Read Markov chains part of Section 3.7 for next class. Work through recommended homework questions (and check for updates).
Extra Midterm Review: Today, 4:30-6:00pm, MC110. Bring questions.
Midterm location is based on first letter of last name: HSB35 A-H, HSB236 I-Q, HSB240 R-Z. Be sure to write in the correct room!
Midterm: Saturday, March 1, 6:30pm-9:30pm. It will cover the material up to and including Monday's lecture, but not electrical networks. Practice midterms are on the website. See the missed exam section of the course web page for policies, including for illness.
Tutorials: Quiz next week covers 3.5 and 3.6.
Help Centers: Monday-Friday 2:30-6:30 in MC106.

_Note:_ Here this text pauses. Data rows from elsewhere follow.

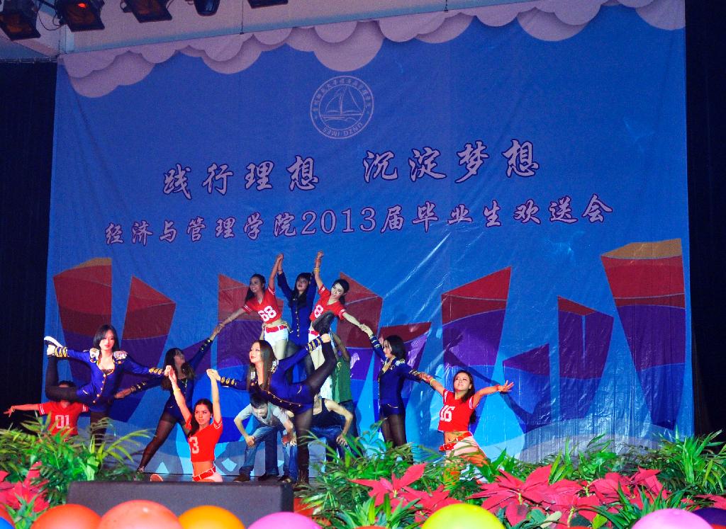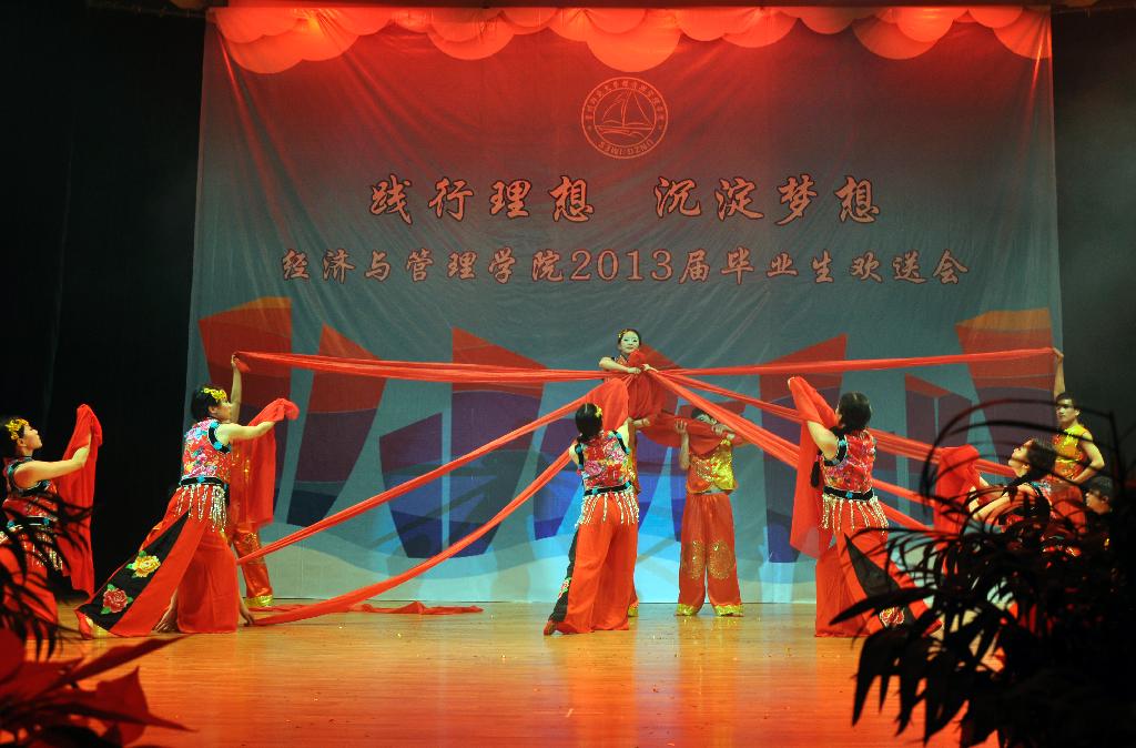 欢送会在活力十足啦啦操《篮球宝贝》中拉开帷幕。学院艺术团印度舞《异国神韵》充满浓厚的异国风味,演员们轻飘浮动的丝带、摇曳的身姿、优美的动作将印度舞的神韵展现得淋漓尽致,让在场观众仿佛身临其境,陶醉在异国风情当中;而红色舞蹈《黄河颂》,则以截然不同的风格,完美的造型,整齐的舞步,为大家展示出五彩斑斓的青春画面;2010级学生会爵士舞《Hot summer》,给大家带来不一样的青春感受;2011级电子商务专业《面朝大海,春暖花开》激励着毕业生们继续奋斗;青年教师歌曲串烧《青春舞曲》点燃了现场的激情,把大家带入回忆青春的点滴之中;2010级公共事业管理专业歌舞剧《梦想社》形式多样的歌舞,欢快的曲调,令人心情激荡,让在场观众思绪万千。欢送会气氛热烈、高潮迭起、精彩纷呈,为2013届毕业生送上最美好的祝愿。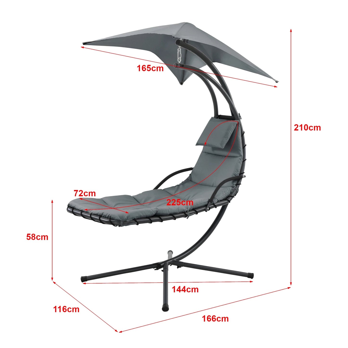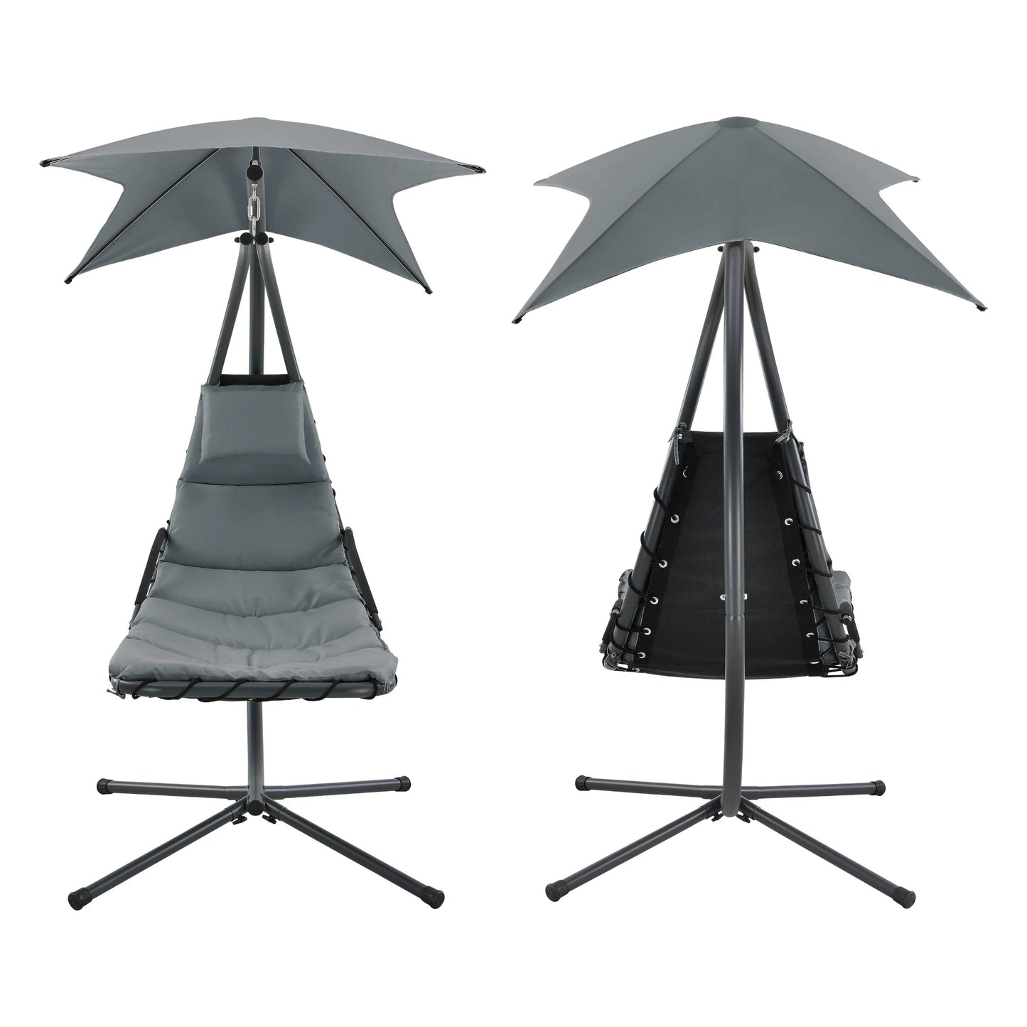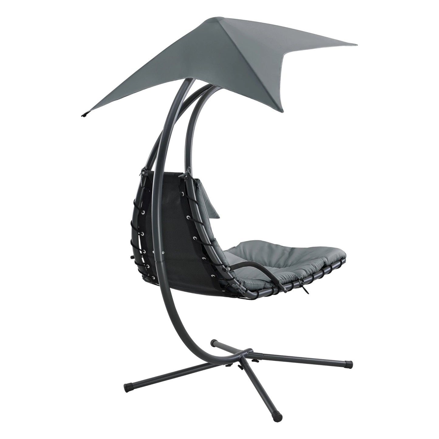In And OutdoorMatch Hangmat Hipolito - Met Luifel en Standaard - 166x116x210 cm - Grijs Zwart - Foam Padding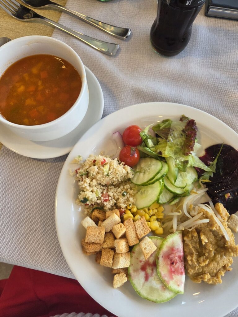 A hlavně, což mě fakt těšilo, byly k obědu a večeři velmi často zeleninové polévky. Vždy jsem si kapku dala do misky a ochutnala, aby tam nebylo mléko, které naštěstí moc nepoužívají.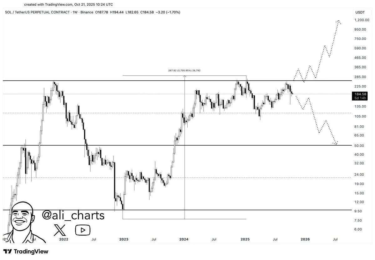 Solana 目前的交易价格接近184美元,24小时内小幅上涨0.16%,但周线下跌9.69%。分析师阿里·马丁内斯指出,Solana自2022年12月以来已飙升逾3700%,目前在225美元至250美元之间面临阻力。他预计,突破该区域可能推动价格升至365美元甚至更高。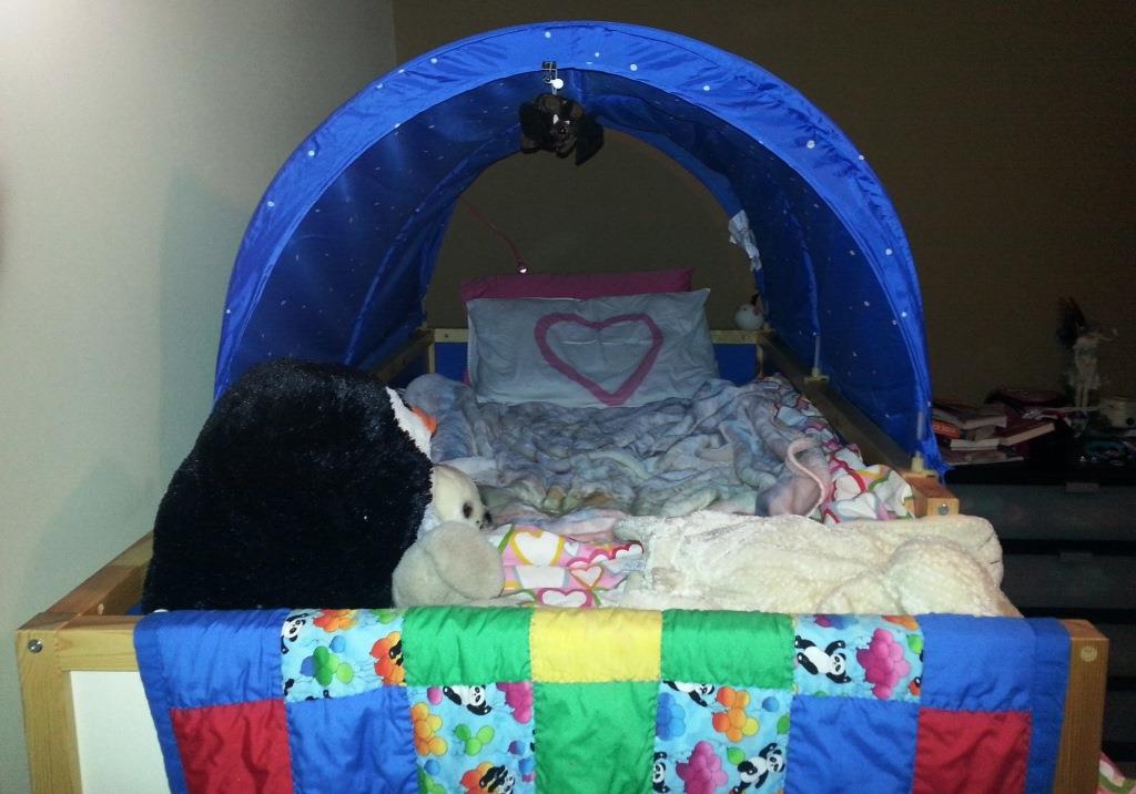 Both levels have a clip on pink reading lamp. This save batteries since she used to sneak a book into bed and read by flashlight anyhow. Now there is a reading light ready no matter where she lands. We throw a bunch of pillows and stuffed animals into the nook and Chloe has her “special place” for reading or hanging out. The whole bottom of the bed glows pink. The curtains and duvets come in many colors so you don’t have to go with pink overload like we did. As a side note, the shimmery curtain panels are inexpensive and make great play silks. We have pink, blue, purple, and black and have been transformed into butterflies, bats, caterpillars, princesses, villains and anything else a creative mind can think up.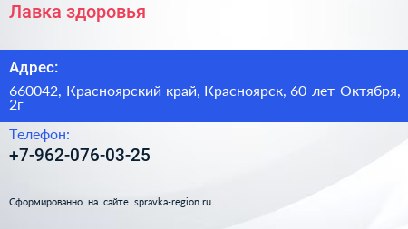 Лавка здоровья по адресу 660042, Красноярский край, Красноярск, 60 лет Октября, 2г в дальнейшем Организация, размещена в следующих категориях:

Theorem 3.29: For every vector $v$ in $S$, there is exactly one way to write $v$ as a linear combination of the vectors in $\cB$: $$ \vv = c_1 \vv_1 + \cdots + c_k \vv_k $$
Proof: Try to work it out yourself! It's a good exercise.$\quad\Box$
We call the coefficients $c_1, c_2, \ldots, c_k$ the coordinates of $\vv$ with respect to $\cB$, and write $$ [\vv]_{\cB} = \ccollll {c_1} {c_2} {\vdots} {c_k} $$
We already intuitively understood this theorem in the case where $S$ is a plane through the origin in $\R^3$. Here's an example of this case:
Example: Let $S$ be the plane through the origin in $\R^3$ spanned by $\vv_1 = \colll 1 2 3$ and $\vv_2 = \colll 4 5 6$, so $\cB = \{ \vv_1, \vv_2 \}$ is a basis for $S$. Let $\vv = \colll 6 9 {12}$. Then $$ \vv = 2 \vv_1 + 1 \vv_2 \qqtext{so} [\vv]_{\cB} = \coll 2 1 $$ Note that while $\vv$ is a vector in $\R^3$, it only has two coordinates with respect to $\cB$.
We already know how to find the coordinates. For this example, we would solve the system $$ \bmat{rr} 1 & 4 \\ 2 & 5 \\ 3 & 6 \\ \emat \, \coll {c_1} {c_2} = \ccolll 6 9 {12} $$
Example: Let $\cB = \{ \ve_1, \ve_2, \ve_3 \}$ be the standard basis for $\R^3$, and consider $\vv = \colll 6 9 {12}$. Then $$ \vv = 6 \ve_1 + 9 \ve_2 + 12\ve_3 \qqtext{so} [\vv]_{\cB} = \colll 6 9 {12} $$ We've implicitly been using the standard basis everywhere, but often in applications it is better to use a basis suited to the problem.
Example: If $ A = \bmat{rr} 0 & 1 \\ 2 & 3 \\ 4 & 5 \emat $ then $$ \kern-9ex T_A\left(\coll {\!-1} 2\right) = A \coll {\!-1} 2 = \bmat{rr} 0 & 1 \\ 2 & 3 \\ 4 & 5 \emat \coll {-1} 2 = -1 \colll 0 2 4 + 2 \colll 1 3 5 = \colll 2 4 6 $$ In general (omitting parentheses), $$ \kern-9ex T_A \coll x y = A \coll x y = \bmat{rr} 0 & 1 \\ 2 & 3 \\ 4 & 5 \emat \coll x y = x \colll 0 2 4 + y \colll 1 3 5 = \colll y {2x+3y} {4x + 5y} $$ Note that the matrix $A$ is visible in the last expression.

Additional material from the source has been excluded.